- Supplied records -
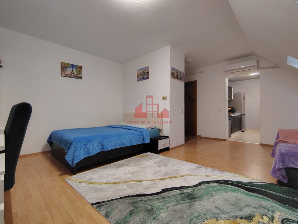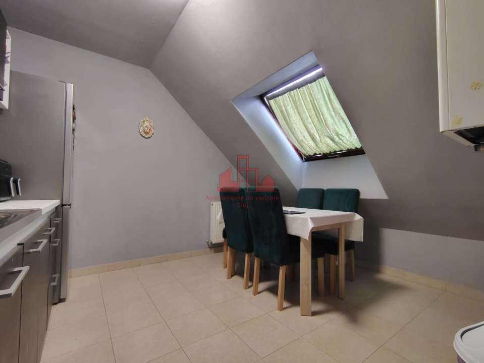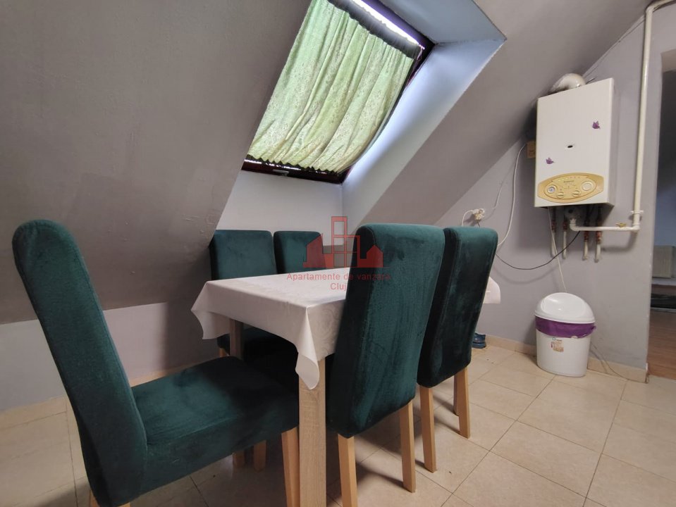 Apartamente Cluj va propune spre achizitie un apartament situat la mansarda unui unui bloc format din parter + 3 etaje + mansarda + pod. Apartamentul are o suprafata utila de 36 mp utili si este compartimentat astfel: - O camera de zi; - O bucatarie; - O baie; - Un hol; Apartamentul beneficiaza si de un pod cu cota parte, trecut in CF. Acesta se vinde mobilat si utilat conform pozelor de prezentare ( exceptie facand TV-ul si o masina de spalat haine). Este recomandat atat pentru locuit cat si pentru investitie. Pentru orice detalii sau vizionari va rugam sa ne contactati cu incredere.
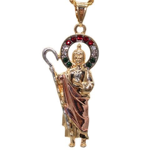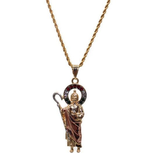 St Jude with Necklace St Jude Pendant - Three Tone with Mexican color Stones Includes a 24K Gold Filled Rope Necklace Pendant Measures 2 1/4" Necklace Measures 22"- 2mm Thick San Judas con Cadena Medalla de San...
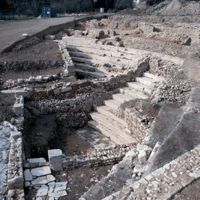 - Vue depuis l’est des vestiges du théâtre en 2004
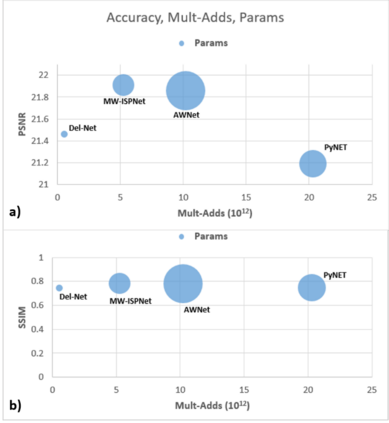 翻译:智能手机摄取图像的质量是一项重要规格,因为智能手机作为主要捕捉装置正在变得无处不在,因此智能手机拍摄的图像信号处理(ISP)传统管道在智能手机摄像机中的传统图像处理(ISP)管道质量有限,包括从原始传感器数据中按顺序进行的若干图像处理步骤,以重建高质量的SRGB图像。这些步骤包括演示、脱色、白平衡、伽马校正、彩色增强等。由于每个步骤都是按顺序使用手动算法进行的,每个处理模块的剩余误差在最后重建的信号中积累。因此,传统的ISP管道在各种照明条件和相关噪音水平的通用性方面,重建质量有限。使用革命性神经网络(CNN)的深层学习方法,在解决许多与图像有关的任务时变得很受欢迎,例如图像解析、对比增强、超分辨率解析、分解等。 此外,最近使用深层学习方法对SRGBB转换的系统转换方法,也在最后重建信号中积累了它们的记忆要求和Mult-Add路段数量方面都限制了重建质量质量,同时捕捉取图像。
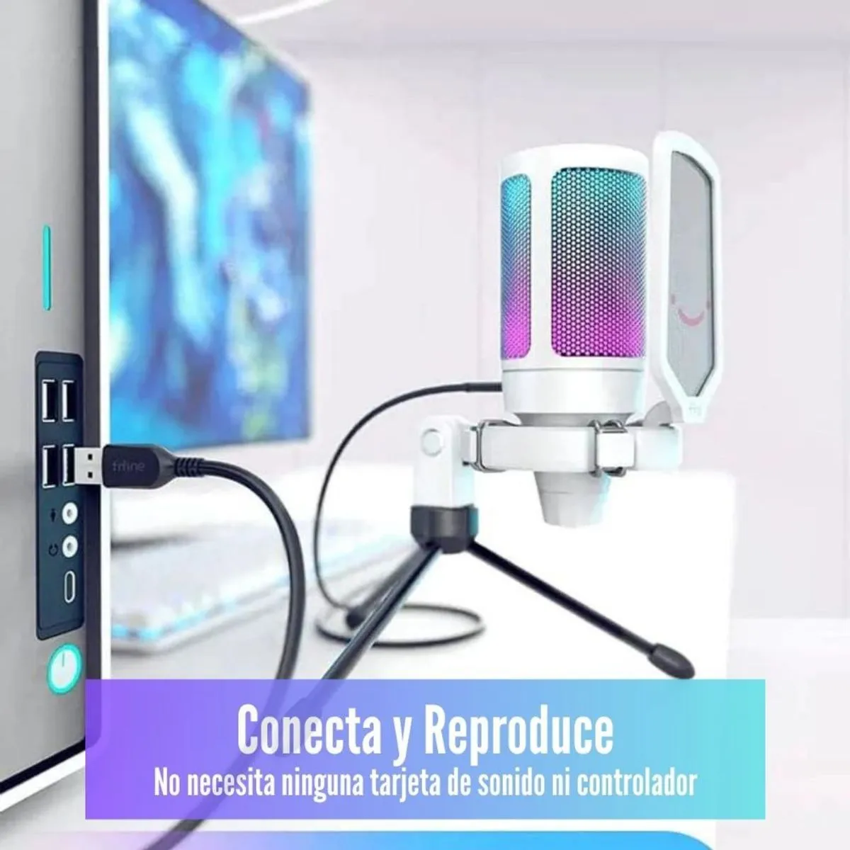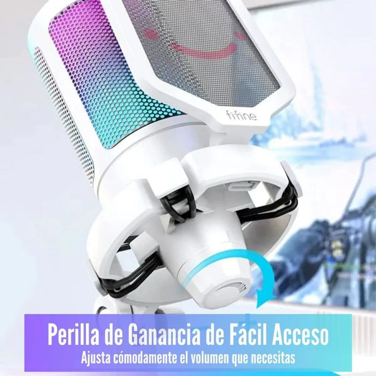 Micrófono Fifine Ampligame A6V, RGB, USB Cardioide, blanco
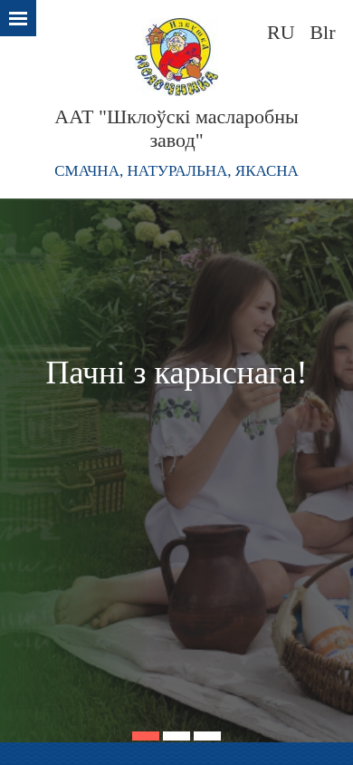 SEO-описаниеААТ "Шклоўскі масларобны завод" - адно са старэйшых малочных прадпрыемстваў малакаперапрацоўчай галіны Магілёўскай вобласці Рэспублікі Беларусь. Кампактнае прадпрыемства з праектнай магутнасцю выпуску 30 тон натуральнамалочнай прадукцыі за змену. Дзякуючы цудоўнай сыравіннай базе прадпрыемства выпускае прадукцыю выключных смакавых якасцей. Асноўная прадукцыя прадпрыемства - малако і малочная прадукцыя для штодзённага спажывання: малако, вяршкі, біяпрадукт кісламалочны "Бадзёрасць", ёгурты, малако топленае, ражанка, смятана, тварог.
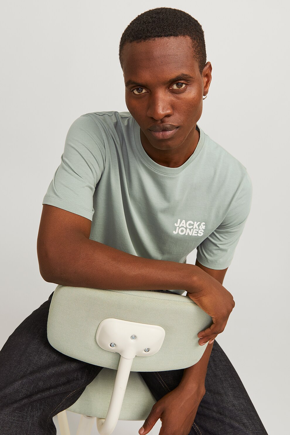 Jack & Jones - Organikuspamut póló gumis logóval, Világoszöld
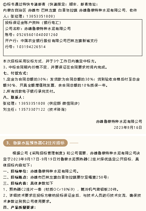 【招標(biāo)公告】魯蒙水泥
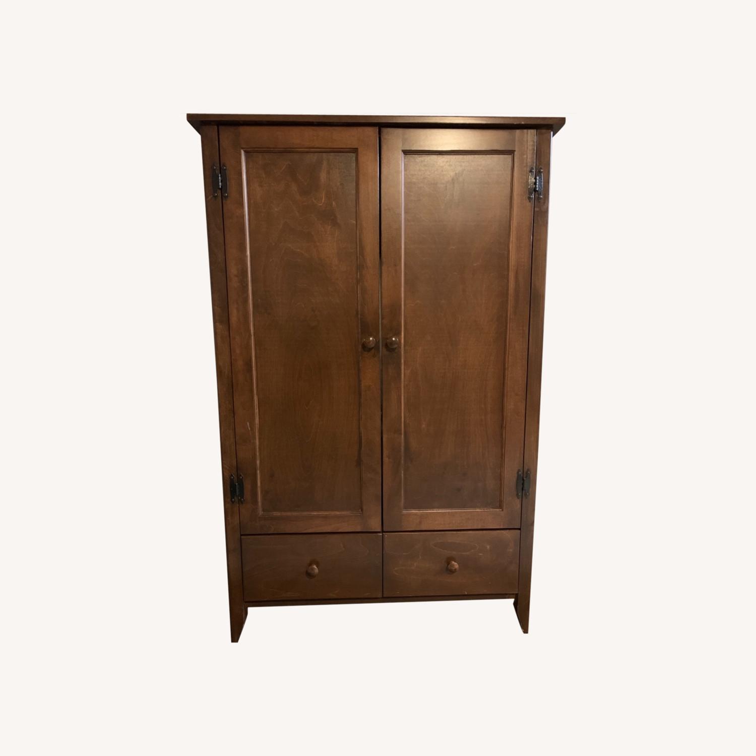 Seller's Notes:Beautifully stained handmade wooden armoire originally purchased at Gothic Cabinet Craft in NYC. Excellent condition with two widely opening doors, a sturdy rail for hanging items and two large drawers underneath. Has been maintained well. Selling only due to our need for a larger armoire.

- Problem to solve -
Every line from the first line of the entries above through the line with "- Vue depuis" must be repeated exactly, and pictures must not be.

- The completed task -
 Apartamente Cluj va propune spre achizitie un apartament situat la mansarda unui unui bloc format din parter + 3 etaje + mansarda + pod. Apartamentul are o suprafata utila de 36 mp utili si este compartimentat astfel: - O camera de zi; - O bucatarie; - O baie; - Un hol; Apartamentul beneficiaza si de un pod cu cota parte, trecut in CF. Acesta se vinde mobilat si utilat conform pozelor de prezentare ( exceptie facand TV-ul si o masina de spalat haine). Este recomandat atat pentru locuit cat si pentru investitie. Pentru orice detalii sau vizionari va rugam sa ne contactati cu incredere.
 St Jude with Necklace St Jude Pendant - Three Tone with Mexican color Stones Includes a 24K Gold Filled Rope Necklace Pendant Measures 2 1/4" Necklace Measures 22"- 2mm Thick San Judas con Cadena Medalla de San...
 - Vue depuis l’est des vestiges du théâtre en 2004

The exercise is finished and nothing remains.